The reader should set down exactly the lines from the one containing "未来三天全省以多云天气为主,22-23日" through the last line of the material, omitting every picture.

Dataset excerpt:
━━━━━━━━━━━━━━━━━━━━
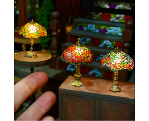 ミニチュアで表現するデスクランプシェードが人気。LED照明が付く作品も。
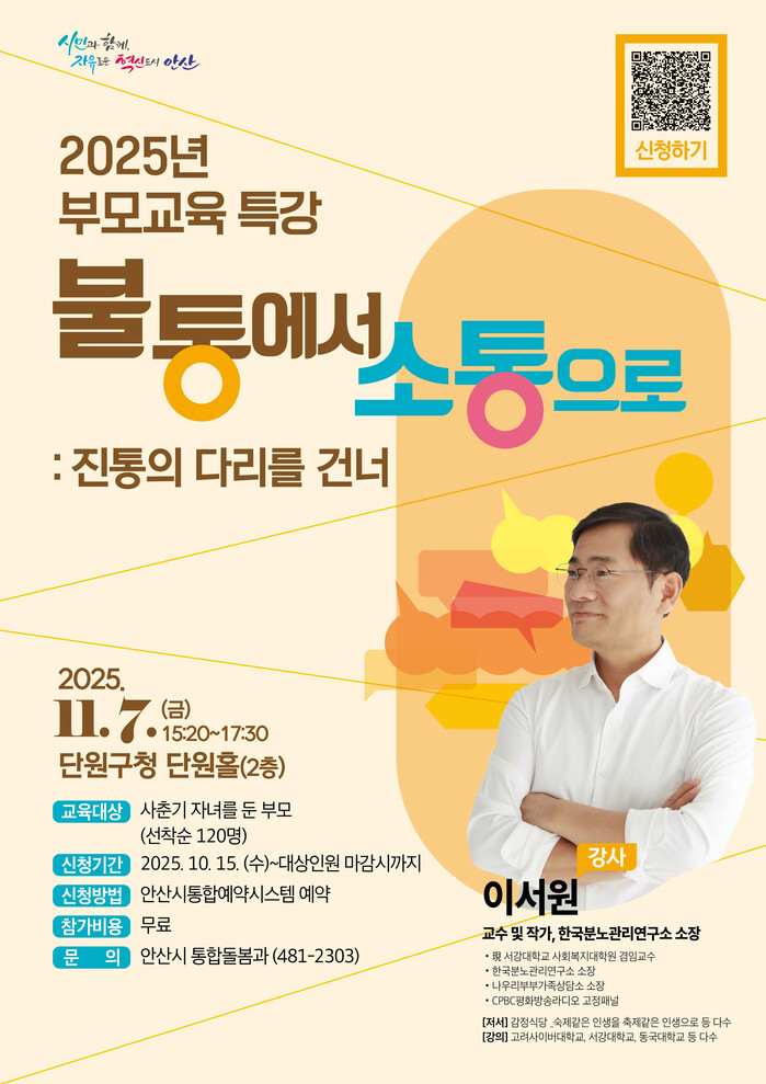 | ▲ ‘2025년 부모교육 특강 – 불통에서 소통으로: 진통의 다리를 건너’개최 안내 포스터 /자료제공=안산시 |
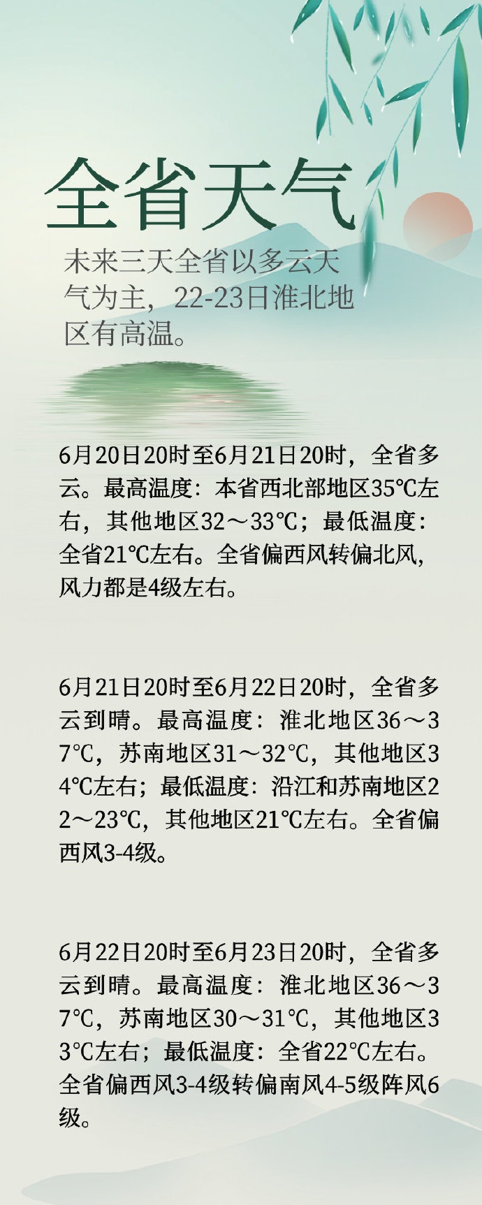 未来三天全省以多云天气为主,22-23日淮北地区有高温。6月20日20时至6月21日20时,全省多云。最高温度:本省西北部地区35℃左右,其他地区32~33℃;最低温度:全省21℃左右。全省偏西风转偏北风,风力都是4级左右。
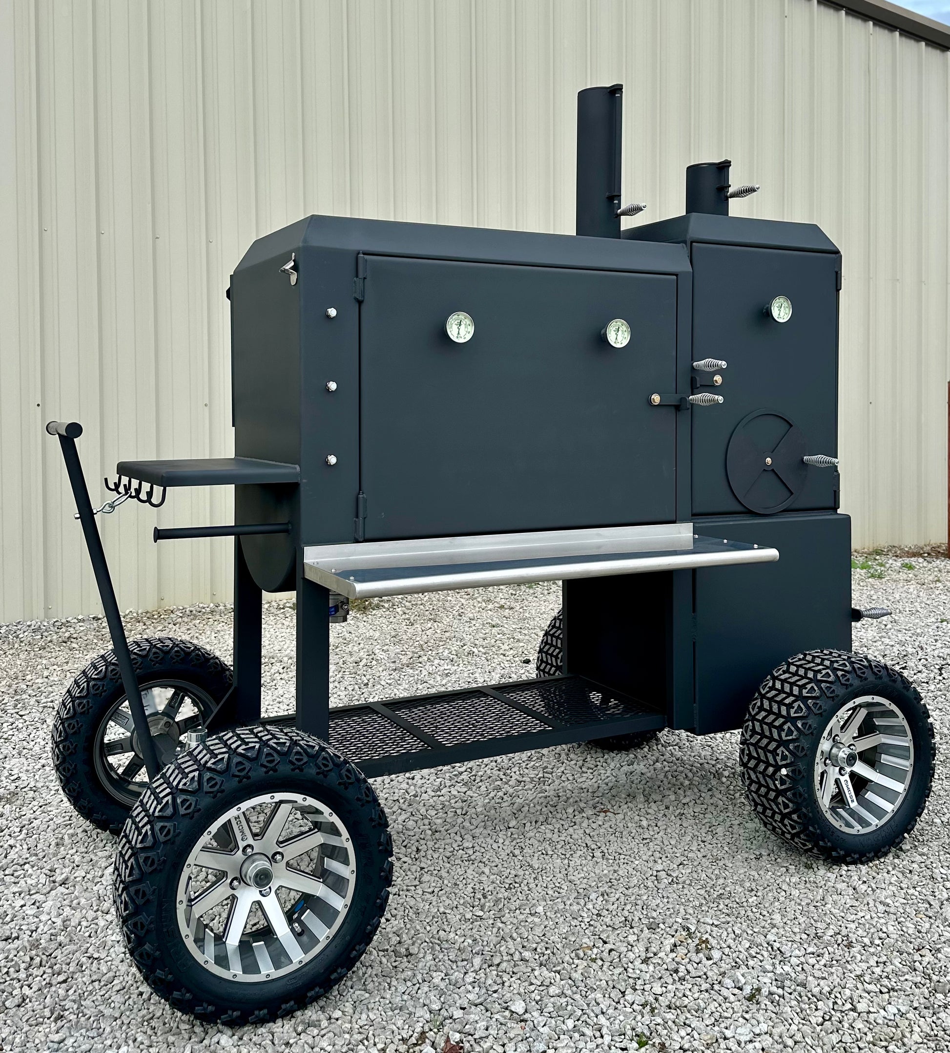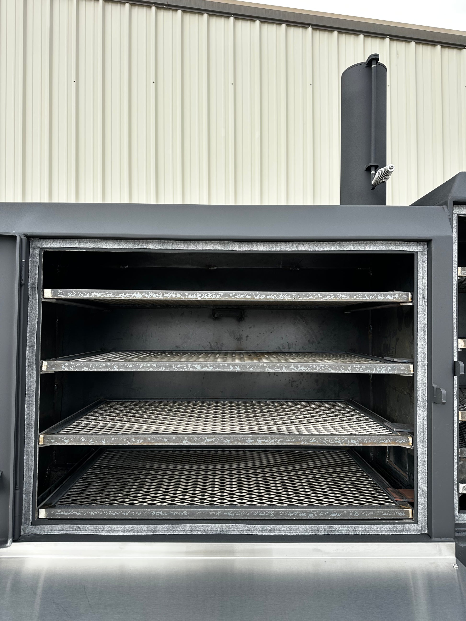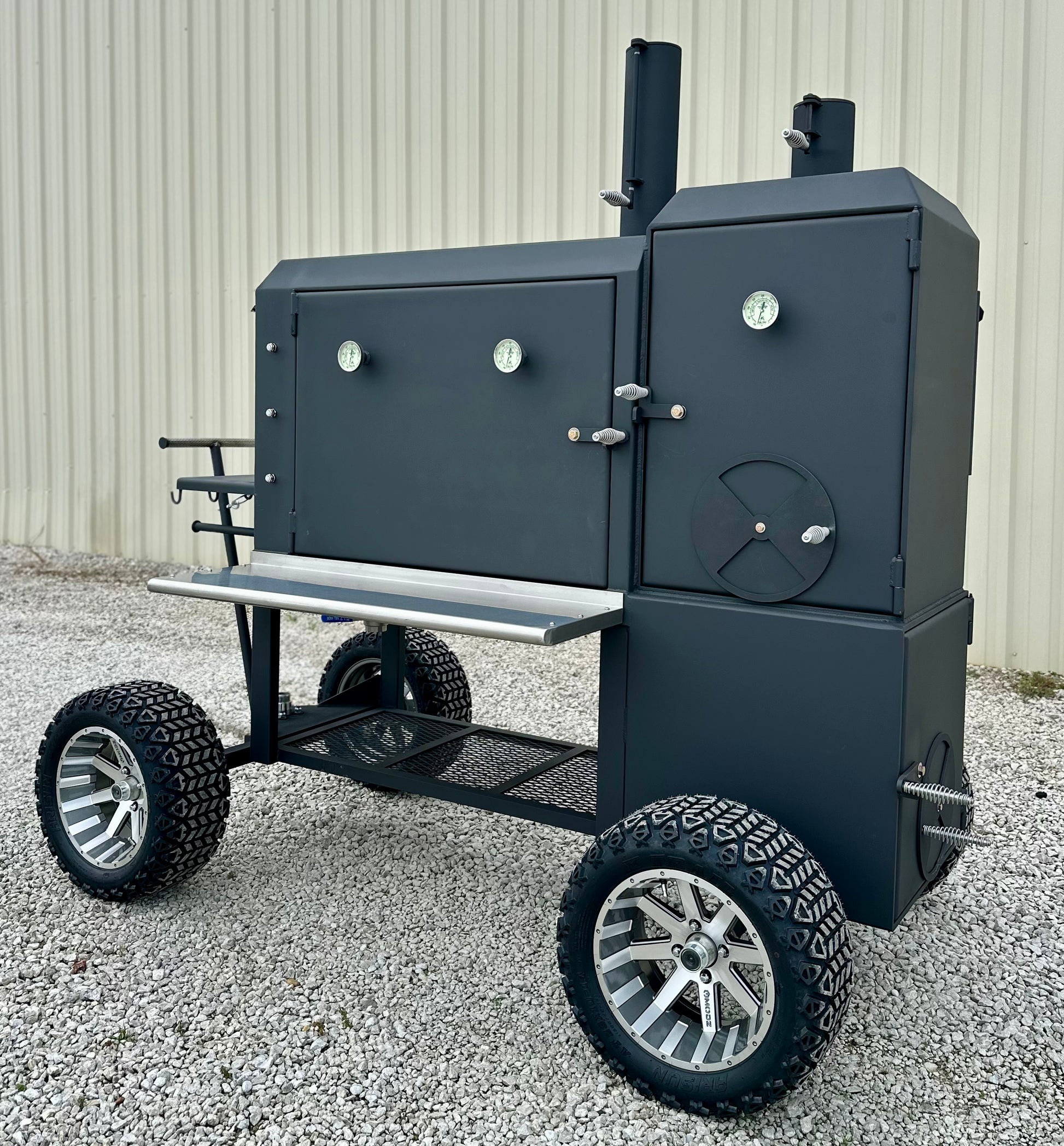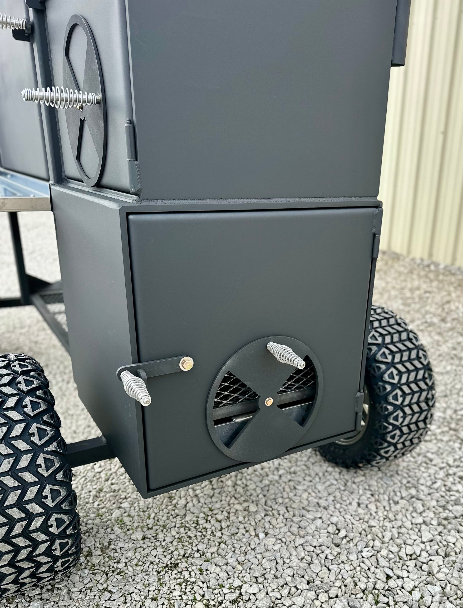 The MEAT LOCKER 48 has a reverse offset smoker design and features a 1/4" and 3/8” thick steel construction that is built to last. It showcases a 36"wide x 24"deep x 33"tall Smoke Chamber and 24" square Fire Box, all proudly manufactured in the USA. All cookers sandblasted and coated with 3 Coats of High Temp Paint.
━━━━━━━━━━━━━━━━━━━━
Exercise output:
 未来三天全省以多云天气为主,22-23日淮北地区有高温。6月20日20时至6月21日20时,全省多云。最高温度:本省西北部地区35℃左右,其他地区32~33℃;最低温度:全省21℃左右。全省偏西风转偏北风,风力都是4级左右。
 The MEAT LOCKER 48 has a reverse offset smoker design and features a 1/4" and 3/8” thick steel construction that is built to last. It showcases a 36"wide x 24"deep x 33"tall Smoke Chamber and 24" square Fire Box, all proudly manufactured in the USA. All cookers sandblasted and coated with 3 Coats of High Temp Paint.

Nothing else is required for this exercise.